Observations of the Milky Way and nearby starburst galaxies reveal multi-phase galactic winds containing neutral atomic and ionized gas clouds that can reach distances of ~1 kpc from the galactic plane and attain velocities of ~200–500 km s−1. Spectroscopic detections of ions such as O VI, N V, C IV, and Si IV further indicate complex kinematics across cold, intermediate, and warm phases in the circumgalactic medium.

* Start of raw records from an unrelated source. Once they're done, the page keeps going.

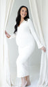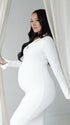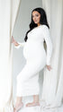 Momnfancy Solid Color V-Neck Knit Split Long Sleeve Bodycon Going Out Photoshoot Maternity Sweater Maxi Dress
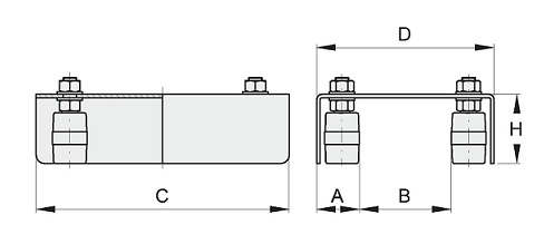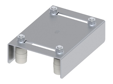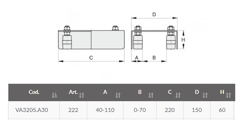 Piastra di guida superiore regolabile - Articolo 222. Con 4 olive in nylon ad asola unica VA3101.A30. Realizzato in acciaio zincato. Per cancelli. Fissaggio tramite saldatura. Dimensioni come da schema.
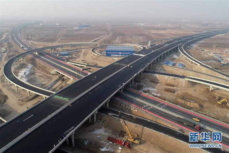 這是1月3日拍攝的北京大興國(guó)際機(jī)場(chǎng)北線高速公路廊坊段王場(chǎng)互通樞紐(無(wú)人機(jī)照片)。新華社記者牟宇攝

Two broad classes of theoretical models have been proposed: (1) direct acceleration of pre-existing cold clouds by ram pressure, cosmic-ray pressure, or radiation pressure from the outflow; and (2) formation of cold clouds by precipitation and re-condensation from the hot wind medium. While radiative, magnetized, and conductive simulations can extend cloud lifetimes, they often struggle to accelerate dense gas to the highest observed speeds, leaving the precise mechanism responsible for the observed fast-moving cold gas unresolved.

References

How neutral atomic and ionised gas clouds can be observed at such velocities is still an open question, and numerical simulations play a crucial role in helping to understand the observations.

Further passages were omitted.